We traveled to New York State to get married when our home state of Florida would not recognize our relationship legally. It was beautiful. All our children — five of them — were present. Our vows were carefully written and included verses very special to us from Khalil Gibran’s The Prophet “On Love.” “When love beckons to you, follow him….” My wife had read On Love to me at one of our very first dates, and I closed my eyes and literally prayed aloud to God, “Thank You.” I knew this woman was my soul mate. And she is.

So yes, I am a hopeless romantic.

But it isn’t for ME that I am concerned or melancholy for. It is my daughters.

I feel they are growing up still in a world where one of them will go to their job and say, “I’m getting married!” And everyone will coo, and ooo, and ahh and want to hear all about the dress and the place and the food, and the minister, and the bridesmaid dresses and the tuxes and the groomsmen and the bachelor party and the bachelorette party and the shoes and the honeymoon locale and every minute detail for months and months before the actual event as if this is the grandest occasion of all and another daughter may have the experience of going to work and saying, “I’m getting married!” and people at work going, “Oh wow! That’s great! So happy for you.” Back to the bookkeeping……..And that be that. Back to the bookkeeping. I really have yet to see a gay couple’s wedding treated with anything near the interest.

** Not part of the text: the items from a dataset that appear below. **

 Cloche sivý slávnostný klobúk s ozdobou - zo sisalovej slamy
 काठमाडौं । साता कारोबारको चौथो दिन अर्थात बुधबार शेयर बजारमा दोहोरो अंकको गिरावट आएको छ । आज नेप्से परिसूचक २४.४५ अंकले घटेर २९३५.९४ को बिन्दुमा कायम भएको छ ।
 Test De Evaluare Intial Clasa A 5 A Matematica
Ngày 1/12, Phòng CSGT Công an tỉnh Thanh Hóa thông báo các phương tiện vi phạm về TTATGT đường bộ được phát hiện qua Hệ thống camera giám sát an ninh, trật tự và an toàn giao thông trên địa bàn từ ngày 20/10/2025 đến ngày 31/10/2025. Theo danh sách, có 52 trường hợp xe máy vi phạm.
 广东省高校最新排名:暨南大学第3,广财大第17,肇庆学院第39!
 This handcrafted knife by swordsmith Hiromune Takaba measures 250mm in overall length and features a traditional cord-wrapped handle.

Oh sure, gay folks will toss a wedding here and there, but I am talking about the actual interest of our culture. Our legal fight has been won, but with culture people still are not accustomed to this, or accustomed to seeing us. We still have cake shops refusing us; county clerks standing in our way and churches preaching against us. It’s a culture of confused people.

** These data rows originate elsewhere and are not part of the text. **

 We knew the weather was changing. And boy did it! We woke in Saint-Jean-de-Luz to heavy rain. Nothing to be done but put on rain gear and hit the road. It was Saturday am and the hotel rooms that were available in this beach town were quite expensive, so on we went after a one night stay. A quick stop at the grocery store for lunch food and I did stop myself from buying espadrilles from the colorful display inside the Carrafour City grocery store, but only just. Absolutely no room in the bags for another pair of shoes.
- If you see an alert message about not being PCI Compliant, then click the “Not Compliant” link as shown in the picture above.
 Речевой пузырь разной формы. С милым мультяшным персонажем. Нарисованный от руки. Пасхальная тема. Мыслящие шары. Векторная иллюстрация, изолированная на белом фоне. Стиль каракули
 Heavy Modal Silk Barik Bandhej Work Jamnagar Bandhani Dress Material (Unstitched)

The idea of straight people having nearly no thought to certain mundane things in their lives that gay people most certainly think of has a name.

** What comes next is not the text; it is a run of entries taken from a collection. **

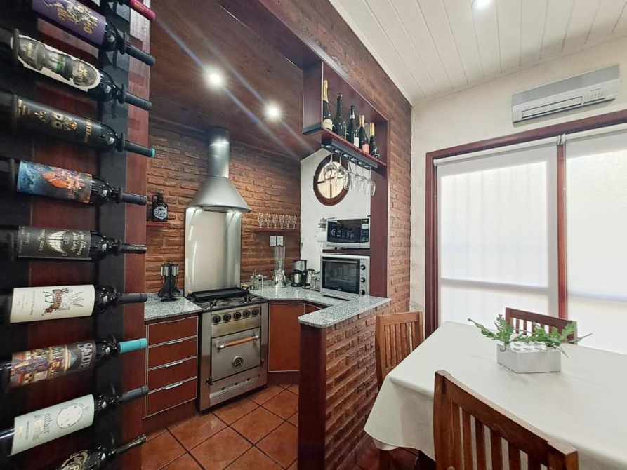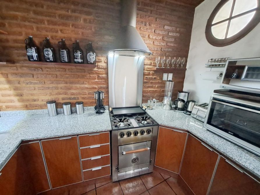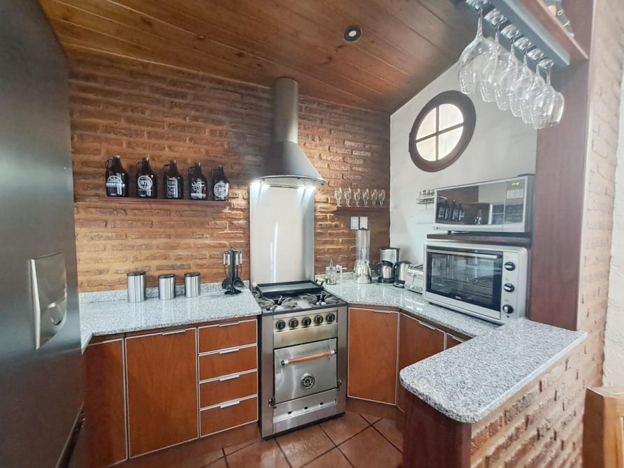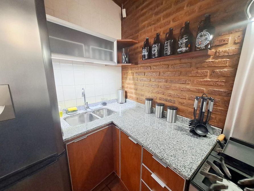 - Cocina y comedor diario con mesadas de mármol granítico, muebles en melamina y aluminio y artefacto de cocina tipo industrial.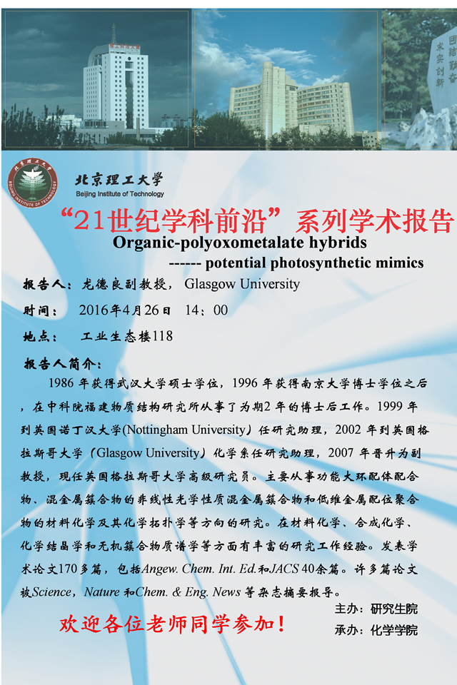 【化学学院】“21世纪学科前沿”龙德良学术报告通知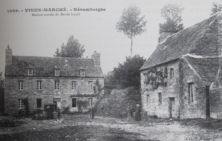 Le Vieux-Marché, Keramborn : vue générale de la ferme (logis respectivement datés de 1798 et 1826), carte postale (collection particulière)Immatriculation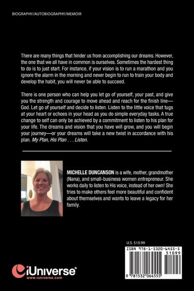 There are many things that hinder us from accomplishing our dreams. However, the one that we all have in common is ourselves. Sometimes the hardest thing to do is to just start. For instance, if your vision is to run a marathon and you ignore the alarm in the morning and never begin to run to train your body and develop the habit, you will never be able to succeed. There is one person who can help you let go of yourself, your past, and give you the strength and courage to move ahead and reach for the finish line-God. Let go of yourself and decide to listen. Listen to the little voice that tugs at your heart or echoes in your head as you do simple everyday tasks. A true change to self can only be achieved by a commitment to listen to his plan for your life. The dreams and vision that you have will grow, and you will begin your journey-or your dreams will take a new twist in accordance with his plan. My Plan, His Plan . . . Listen.
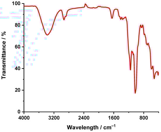 As such, the presence of the main structural characteristics of SBECD were revealed on the FTIR spectrum. The presence of the O–H bonds can be correlated with the broad band seen in the 3700–3050 cm−1 spectral range determined by the stretching vibrations of these bonds. The characteristic stretching vibrations of the methylene groups are revealed at 2932 cm−1 (the asymmetric stretching vibration of the C–H bond) and 2885 cm−1 (the symmetric stretching vibration of the same bond type). A well-defined signal can be seen at 1643 cm−1, its presence being due, according to the literature data, to the bending vibration of the H-O-H bonds belonging to the water molecules intercalated in the structure of SBECD [16,36]. The two low-intensity bands observed at 1411 and 1365 cm−1 may be correlated with the association of the in-plane bending vibration of the O-H bonds with the wagging deformation vibration of the C-H bonds present in the structure of SBECD.

Researchers, and yes, there are researchers who study such things, call this the “heterosexual privilege.”  The hetero privilege is not ever having to “think or confront or engage” issues with things so simple as showing affection (something as simple as holding hands) to the person you love in public; talking about your relationship, your vacations; putting your same-sex family portrait on your desk; receiving validation from  your friends, family, neighbors, church community or just living openly without fear of being ostracized by neighbors, family or friends. I actually lived this before I got divorced.

I never thought twice about holding my ex-husband’s hand in public; nor did anyone do a double-take. Both have happened many times since I have been in relationships with women, for instance. You don’t even know about the hetero privilege until you don’t have it. I have always vowed to live publicly exactly the same with my same-sex partners (I have been in two relationships with women) as I did with my opposite-sex partner. No more public affection; no less public affection. No more information to others; no less information to others. Which means I hold hands; I peck on the cheek; I talk openly about my wife. And I get double-takes and I often get silence instead of questions about my life. I’m used to it after this many years.

But it makes me sad for my one daughter.

I want her to experience the same exact things as her straight sister.  I want the world to celebrate her and her joys just the same; her life’s milestones; her marriage; when a child comes into her life; when she takes an awesome vacation; when her girlfriend does something cool. I want the world to take the same exact notice and interest. I want the two of them treated exactly the same. I know they will be in our home, but I want the world to do the same. She deserves the same dignity.

And I fear that too often we are still being pandered to with pleasantries and not true sincerity. I realize that’s better than discrimination, but it will be great when the “Oh, that’s great,” can be followed with the same gushing that goes to the straight counterpart.

I know that as far as our home, both girls and their respective mates in life, will always be treated with the same dignity, the same celebrations, the same joyous open arms. I can’t wait for culture to catch up to our home.